> **EXERCISE BRIEF**: Look through the material and tally each line bearing the word "Europe". Give only the total.

=== SOURCE DATA ===

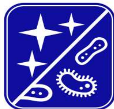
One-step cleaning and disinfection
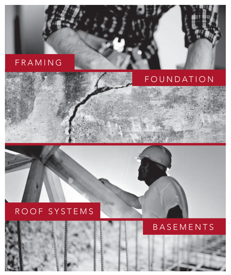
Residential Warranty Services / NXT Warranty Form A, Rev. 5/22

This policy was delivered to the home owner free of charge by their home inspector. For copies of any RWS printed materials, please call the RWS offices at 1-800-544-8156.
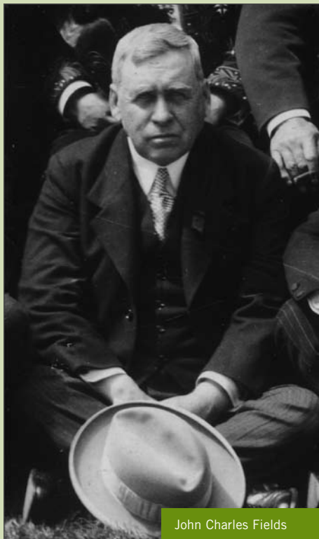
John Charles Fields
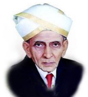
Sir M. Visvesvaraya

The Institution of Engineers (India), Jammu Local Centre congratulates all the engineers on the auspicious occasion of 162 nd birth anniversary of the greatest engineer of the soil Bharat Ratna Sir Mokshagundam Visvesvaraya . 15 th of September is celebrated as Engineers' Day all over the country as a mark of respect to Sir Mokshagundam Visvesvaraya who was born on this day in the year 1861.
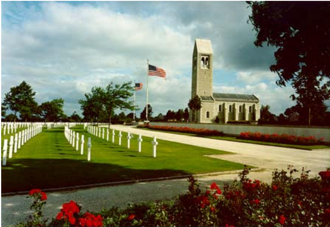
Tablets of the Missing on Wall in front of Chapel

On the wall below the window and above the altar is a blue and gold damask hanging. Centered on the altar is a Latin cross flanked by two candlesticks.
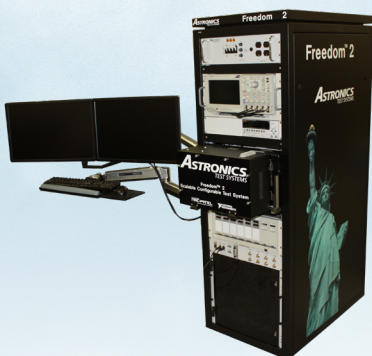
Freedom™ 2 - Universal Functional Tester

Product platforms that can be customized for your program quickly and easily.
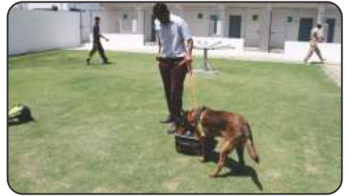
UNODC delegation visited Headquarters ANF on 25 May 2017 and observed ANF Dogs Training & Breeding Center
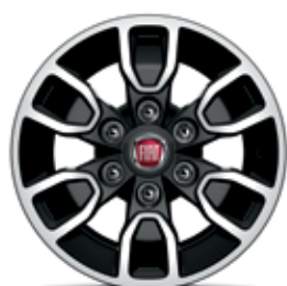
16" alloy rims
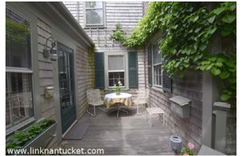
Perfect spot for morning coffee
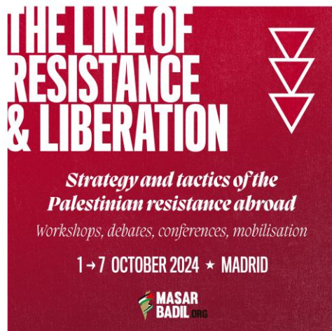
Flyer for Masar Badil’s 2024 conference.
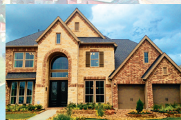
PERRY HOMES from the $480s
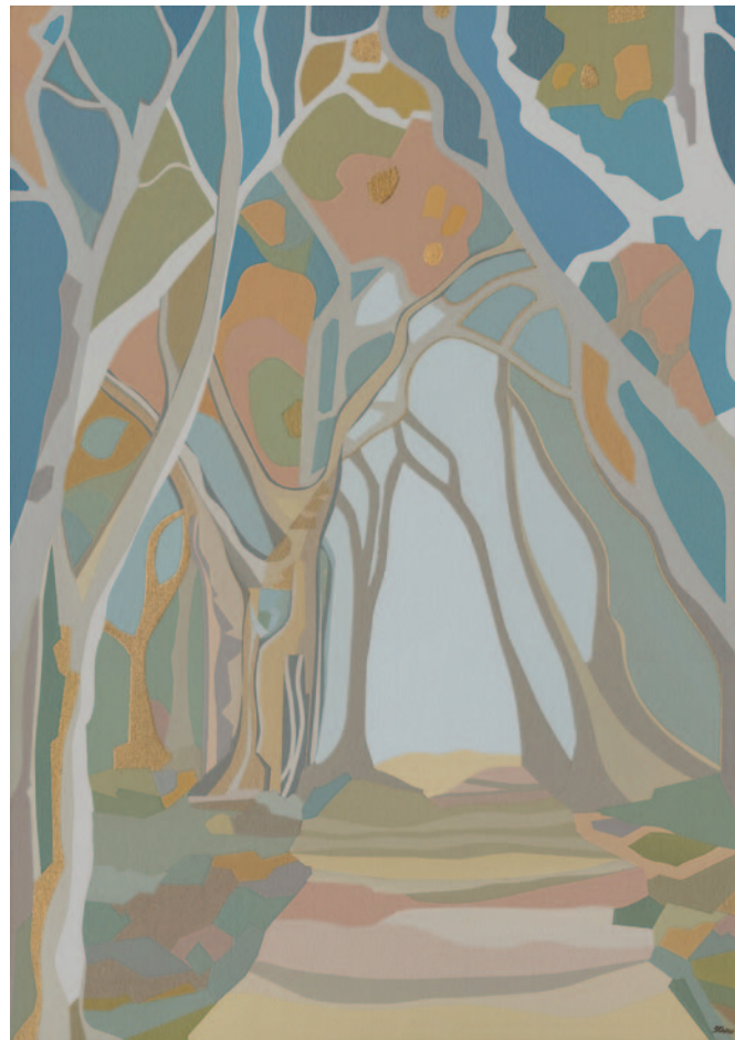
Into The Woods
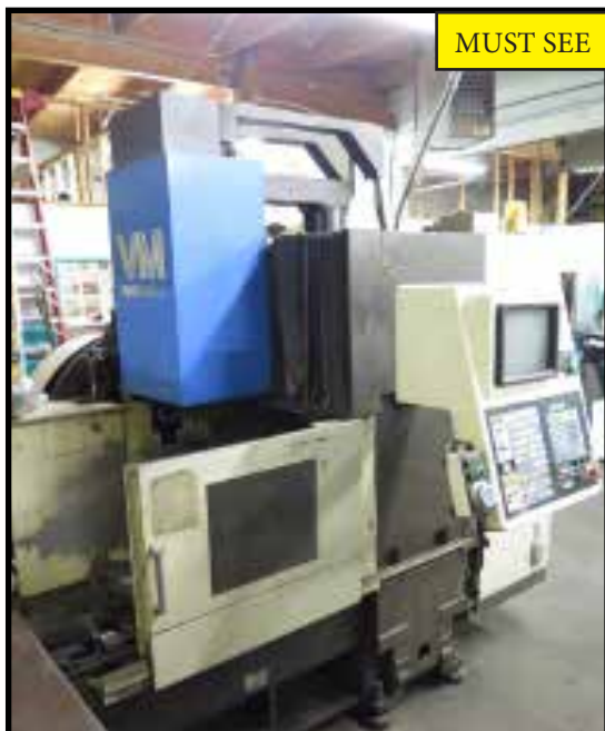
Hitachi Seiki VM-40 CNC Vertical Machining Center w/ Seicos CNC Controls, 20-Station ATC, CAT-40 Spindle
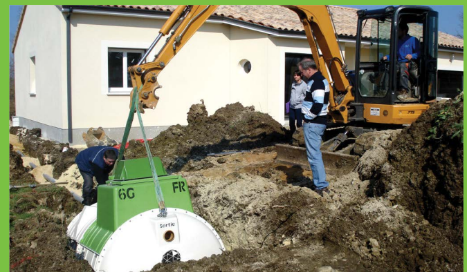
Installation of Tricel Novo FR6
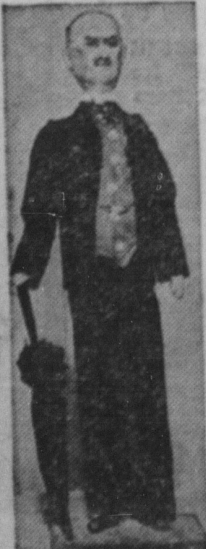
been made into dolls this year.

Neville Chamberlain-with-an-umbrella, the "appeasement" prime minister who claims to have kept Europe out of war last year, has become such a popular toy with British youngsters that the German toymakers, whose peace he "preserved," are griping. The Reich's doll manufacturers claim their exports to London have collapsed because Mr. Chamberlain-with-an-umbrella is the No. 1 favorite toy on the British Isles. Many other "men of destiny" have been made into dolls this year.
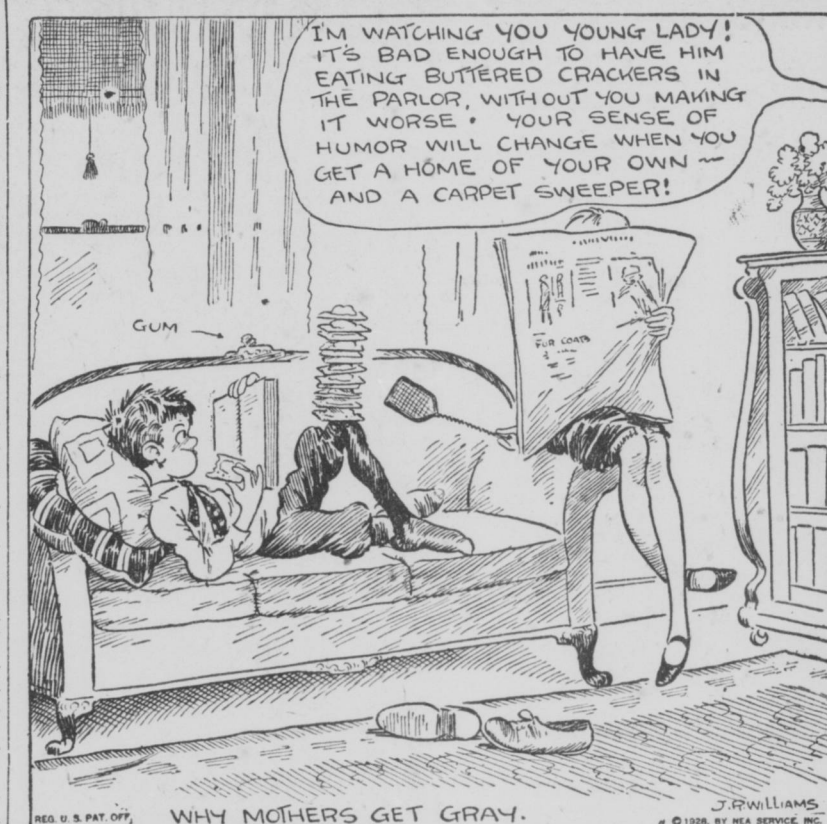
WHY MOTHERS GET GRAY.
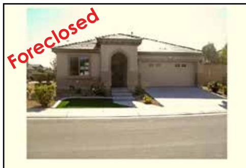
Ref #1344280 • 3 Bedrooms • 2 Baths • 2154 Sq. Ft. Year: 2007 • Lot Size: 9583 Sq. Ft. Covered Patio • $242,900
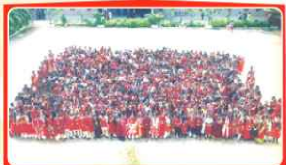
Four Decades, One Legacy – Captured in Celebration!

===
=== SOURCE DATA ===

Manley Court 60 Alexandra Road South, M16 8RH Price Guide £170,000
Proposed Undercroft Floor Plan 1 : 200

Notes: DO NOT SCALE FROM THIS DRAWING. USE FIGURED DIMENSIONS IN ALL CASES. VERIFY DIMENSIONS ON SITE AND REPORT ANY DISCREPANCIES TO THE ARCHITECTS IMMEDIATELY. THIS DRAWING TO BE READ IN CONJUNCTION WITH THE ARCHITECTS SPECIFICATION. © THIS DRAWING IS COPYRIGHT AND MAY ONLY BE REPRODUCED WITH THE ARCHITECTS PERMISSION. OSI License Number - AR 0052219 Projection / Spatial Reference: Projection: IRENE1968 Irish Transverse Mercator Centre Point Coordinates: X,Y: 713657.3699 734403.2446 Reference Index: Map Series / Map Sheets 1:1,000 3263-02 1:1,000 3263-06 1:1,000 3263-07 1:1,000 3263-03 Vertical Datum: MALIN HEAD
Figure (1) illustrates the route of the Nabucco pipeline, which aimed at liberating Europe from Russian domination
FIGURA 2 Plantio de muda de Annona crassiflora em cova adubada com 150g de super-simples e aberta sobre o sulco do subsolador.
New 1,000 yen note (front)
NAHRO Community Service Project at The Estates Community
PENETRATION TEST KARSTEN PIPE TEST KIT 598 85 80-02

===

> **YOUR RESPONSE**: 2